Question

How to: Creating a View of Your Customer Without a Dedicated Customer ETL

  • 30 October 2019
  • 0 replies
  • 296 views

Userlevel 2

How to: Creating a View of your Customer Without a Dedicated Customer Data Feed


Originally authored for Looker 6.22.12


Business Requirement:


Your business intelligence platform is by necessity a low-cost application. Budgets for enhancements and additional data sources are very limited. Business users have requested insight into customer behavior but your database does not currently have a CRM-sourced data feed. You will need to use the data available in your sales history table to provide the most insight possible.

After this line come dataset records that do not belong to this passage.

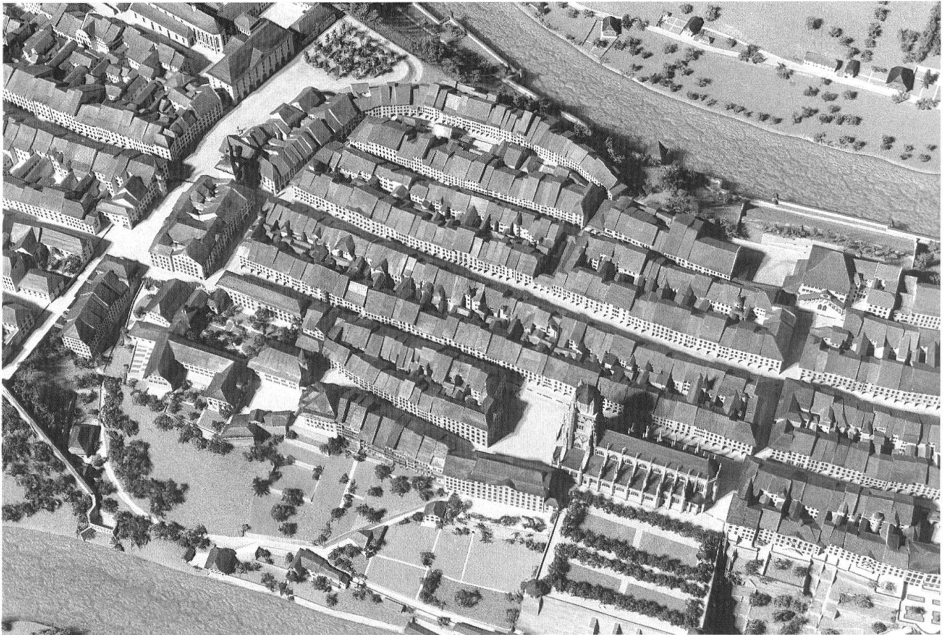
4 Berne vers 1800: l'aire de la première extension, vue du sud.

née 9 . Ces maquettes se fondent sur des documents contrôlés; elles contiennent cependant une part conjecturale, puisque l'idée d'un état complet et certain est absurde: impossible de saisir l'ensemble d'une ville à un moment précis du passé; on a toujours affaire à une approximation. Laquelle peut varier de beaucoup: la grande maquette de la Rome constantinienne, à l'EUR, est largement hypothétique en ce qui concerne les zones d'habitation tandis que le modèle de Rorschach à la fin du XVIII e siècle, qui transcrit un plan de 1790 et une vue à vol d'oiseau publiée quatre ans plus tard, possède un enviable degré de vraisemblance historique.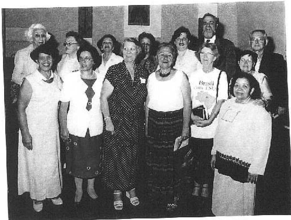
1ª Igreja Presbiteriana de Belo Horizonte, 116 anos da SAF.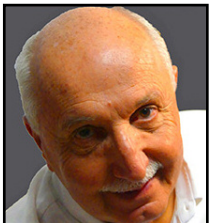
di Achille Ottaviani

Si ritorna dalle vacanze con nel cuore il lutto dei morti del ponte Morandi di Genova. Mentre i Benetton festeggiano a Cortina sul lago Ghedina e nel vecchio mulino lussuosamente ristrutturato, noi comuni mortali preghiamo per le vittime. Speriamo che le nostre preghiere tolgano a questi signori anche le concessioni autostradali. Tra queste attraverso gli spagnoli di Abertis c'è la nostra Brescia-Padova. Scrivevamo in epoca non sospetta che vendere le reti era una follia. Strade, autostrade, porti e aeroporti sono le vene pulsanti di una nazione. Siamo stati profeti delle disgrazie in patria. La Brescia-Padova non andava venduta perché non c'era alcun motivo, azienda moderna, competitiva, che produce utili di grande soddisfazione. Non solo dava lavoro e sicurezza a centinaia di persone che ora vivono in ambascie perché non certi del proprio futuro. Qualcuno ha deciso di farci un business e fare cassa. Errore gravissimo a cui Regione Veneto, banche, fondazioni e compagnie assicurative dovrebbero porvi rimedio. Certe tragedie italiane dovrebbero far diventare più saggi e lungimiranti certi nostri amministratori.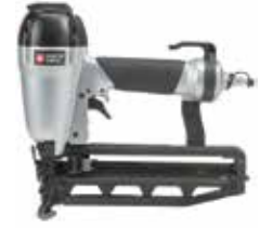
PORTER + CABLE. Clavadora Neumática Calibre 16

Punta de Nariz removible que no deja marcas / Motor sin mantenimiento / Disparador de estilo secuencial.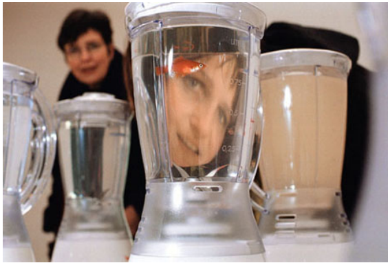
a. "Helena" — ( Goudvissen in mixer ), 2003, Trapholt Art Museum, Kolding, Danmark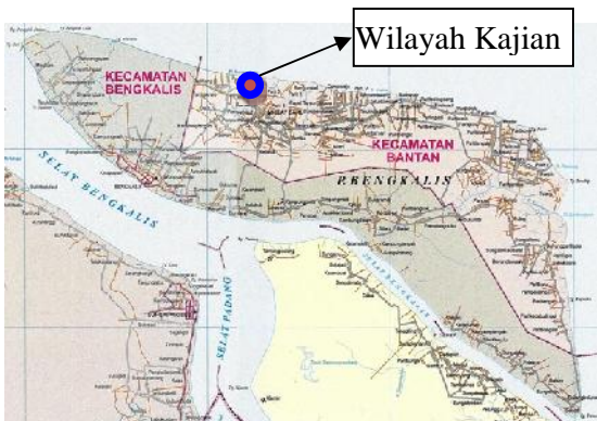
Gambar 4 Peta Pulau Bengkalis

Pada penelitian ini wilayah survey yang dijadikan sampel adalah desa Deluk kecamatan bantan kabupaten Bengkalis. Desa deluk merupakan desa yang mayoritas penduduknya berprofesi sebagai nelayan, selain itu desa tersebut berhadapan langsung dengan selat malaka. Gambar 4 merupakan tempat wilayah kajian ini dilakukan.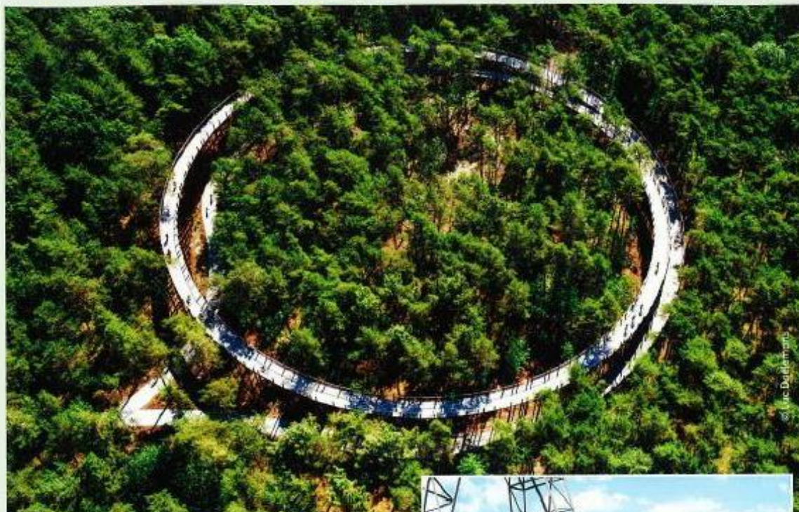
Bovenaanzicht van 'Fietsen door de Bomen'.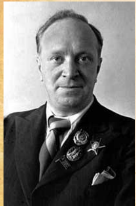
Василий Иванович Лебедев-Кумач

муз. А.В. Александрова, сл. В. Лебедева-Кумача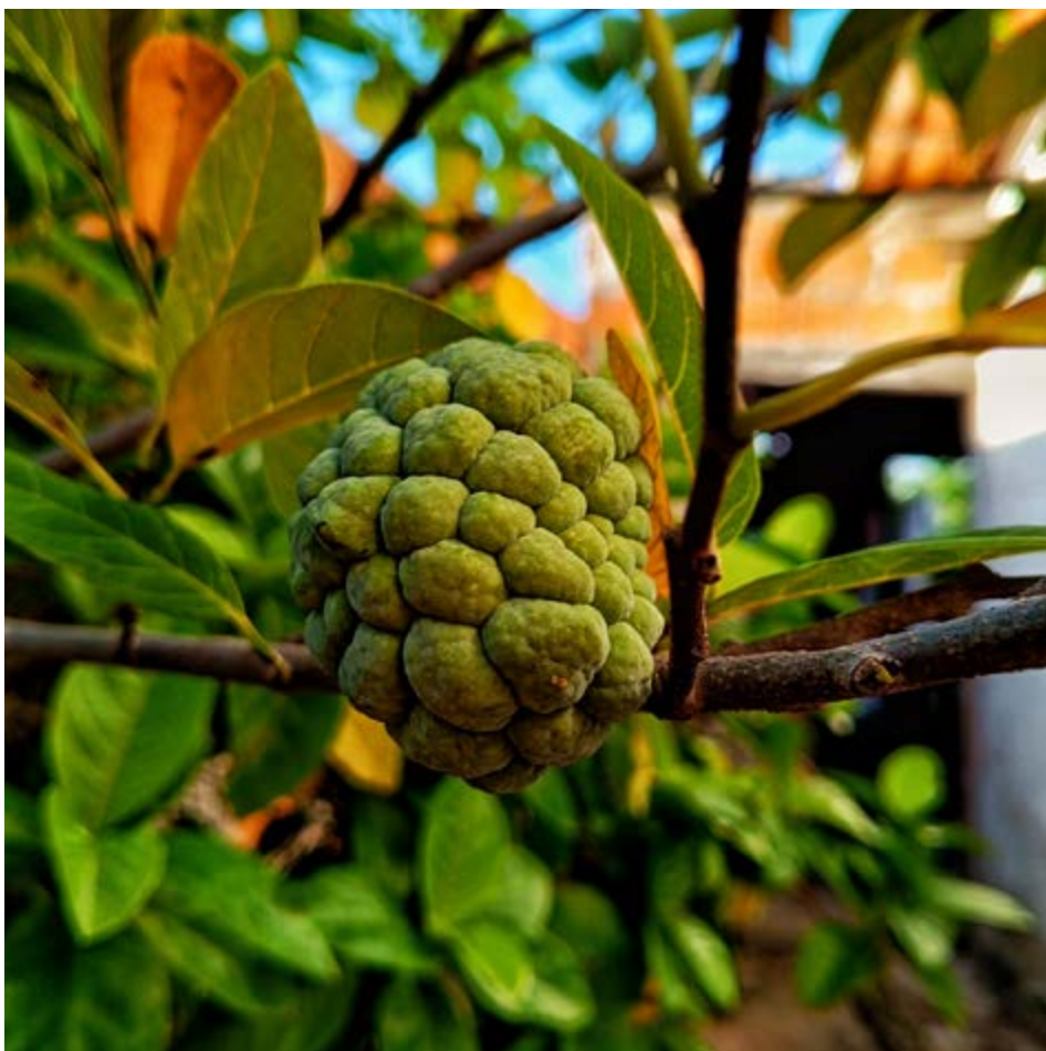
FIGURA 1- PINHA À LUZ DO DIA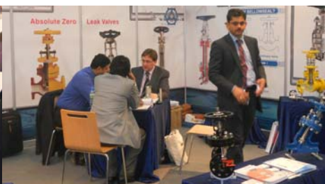
Estand de Bell O Seal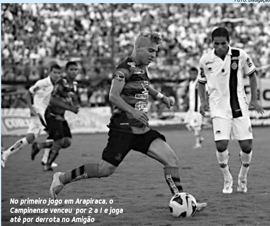
No primeiro jogo em Arapiraca, o Campinense venceu por 2 a 1 e joga até por derrota no Amigão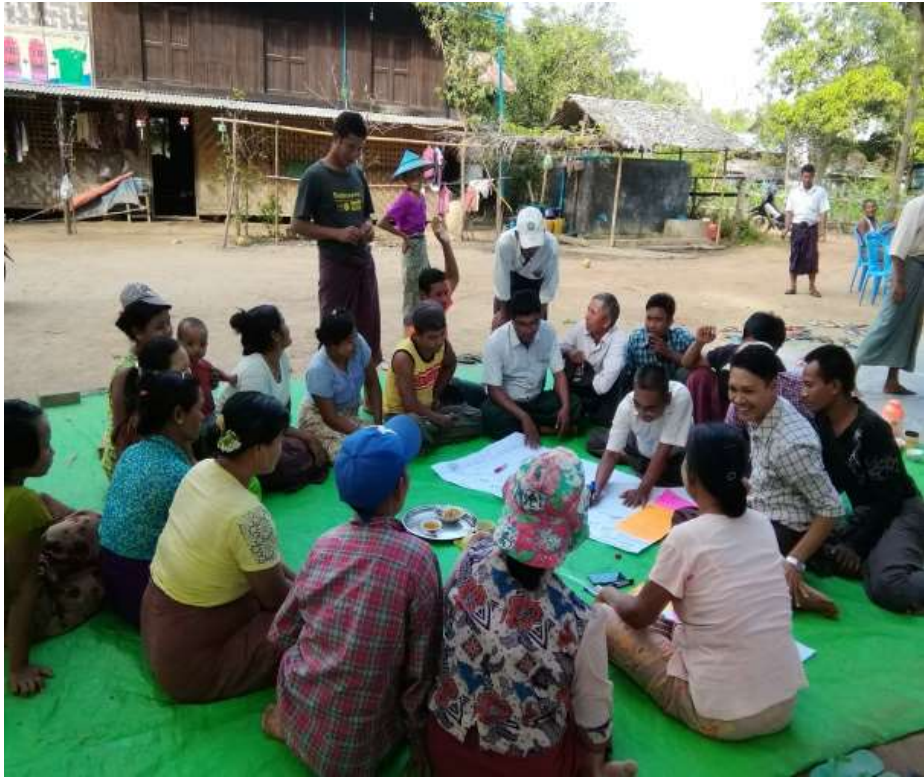
မှတ်တမ်းခိတ်ပုံများ စီမံကိန်းမိတ်ဆက်အားရှင်းလင်းပြောကြားစဉ်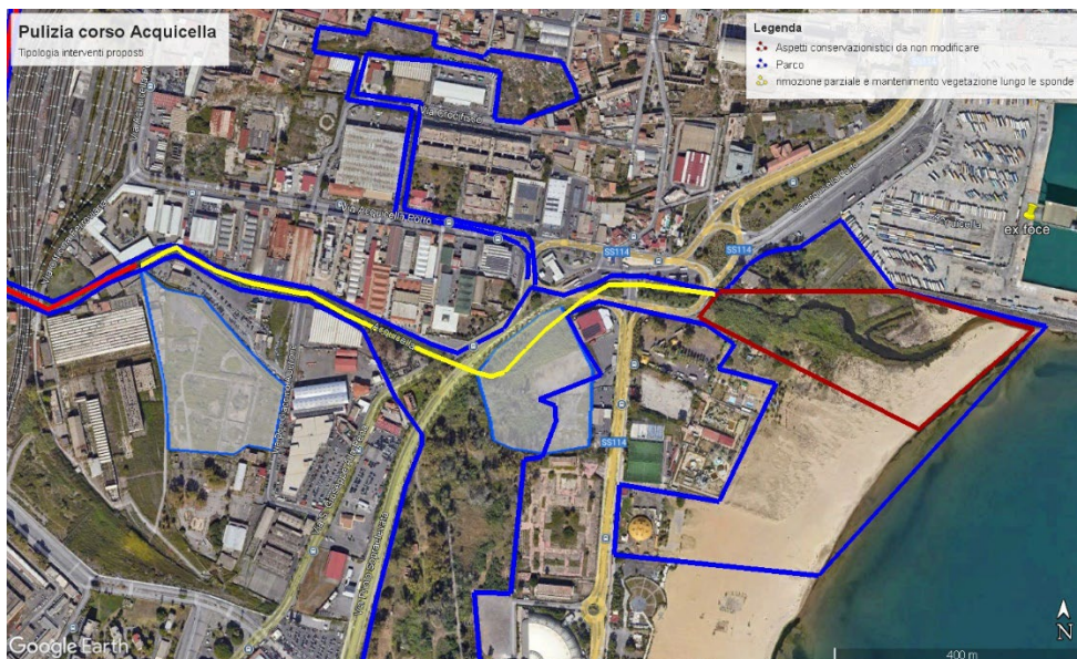
Fig. 1: Parte terminale dell'Acquicella, in rosso mattone l'area più importante sotto l'aspetto naturalistico e conservazionistico del tratto terminale del corso d'acqua Acquicella; in giallo il tratto in cui si propone la pulizia parziale mantenendo parte della vegetazione lungo le sponde e riducendo l'altezza di quella sul fondo, in modo da salvaguardare la fauna selvatica.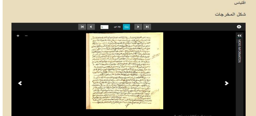
الصورة رقم 02: توضح جودة المخطوطات المرقمنة

بالحفاظ على الشكل الأصلي للمخطوط المرقمن، إضافة إلى وضوح محتوى المخطوط والصورة الموائية نموذج عن ذلك: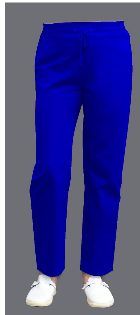
Pozycja 2 spodnie damskie PROSTE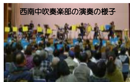
西南中吹奏楽部の演奏の様子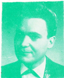
Rigó Jancsi: Sárosi Gábor

Van-e szerelmesebb vallomás, Mint egy szál virág és semmi más?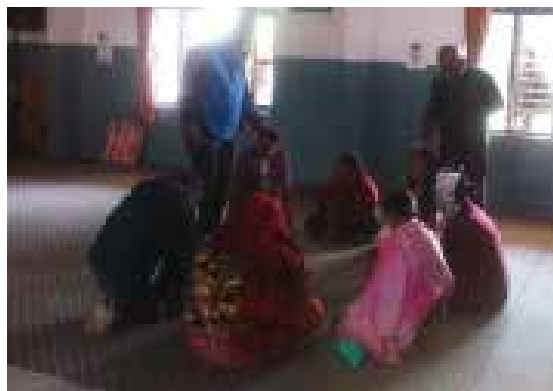
Etter gudstjenesten er det bønn for syke.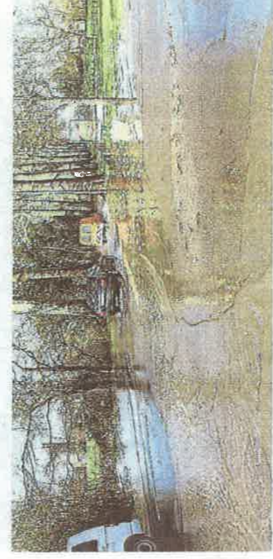
L'entrée de la ville par la route de Nantes a été submergée.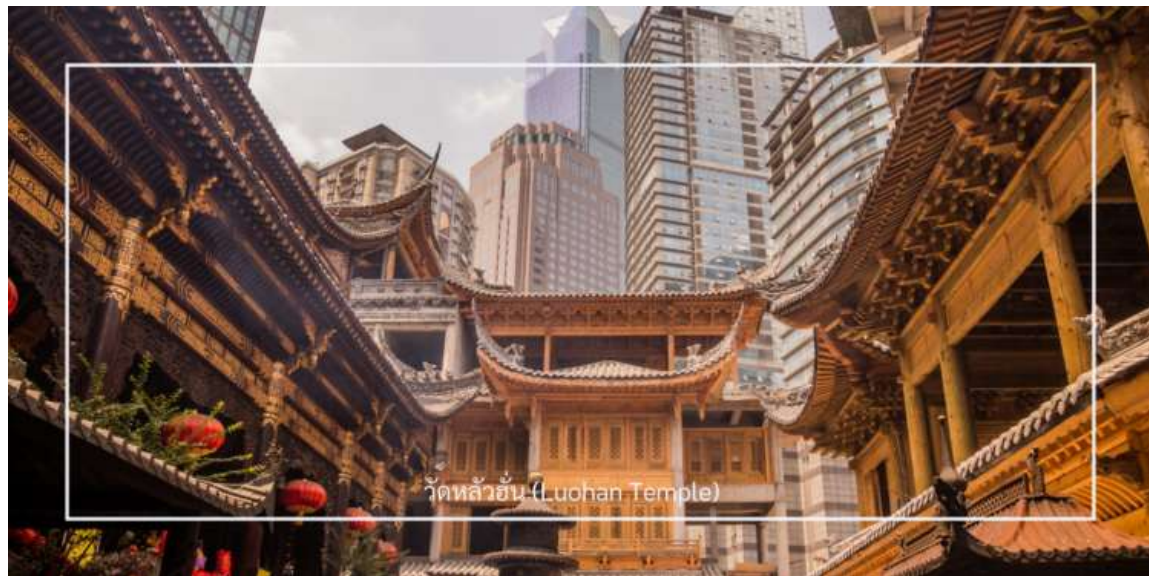
วัดหลัวอัน (Luohan Temple)

นำท่านเที่ยวชม วัดหลัวอัน (Luohan Temple) หรือที่เรียกว่า "วัดอรหันต์" เป็นวัดที่มีชื่อเสียงในเมืองฉงชิ่ง (Chongqing) มีประวัติศาสตร์ยาวนานและมีความสำคัญในด้านศาสนาพุทธ วัดหลัวอันมีพระพุทธรูปและรูปปั้นอรหันต์จำนวนมาก ซึ่งเป็นที่เคารพนับถือของผู้มาเยือน นอกจากนี้ยังมีบริเวณที่ให้ผู้เข้าชมสามารถทำบุญและสวดมนต์

Technical Pre-Requisites/Assumptions:


This write up is intended for a technical audience. The write up assumes a strong understanding of LookML as well as write privileges for your instance. All SQL is written for BigQuery.


Although this example is taken from a physical retail and ecommerce business, the approach could be applied to any business in which your sales history contains a key for customer (this could be email, customer name, a foreign key to your CRM system, etc.).


Step 1: Writing the query to define your customer PDT


Author the query that will populate your customer PDT. The code below uses a query/sub-query to this effect:


Sub-query: This query pulls the key for customer and all associated transactions in order (notice the application of the dense_rank( function). Pay special attention to the where clause as it helps to cleanse the data somewhat (disregards invalid or null email addresses, etc.).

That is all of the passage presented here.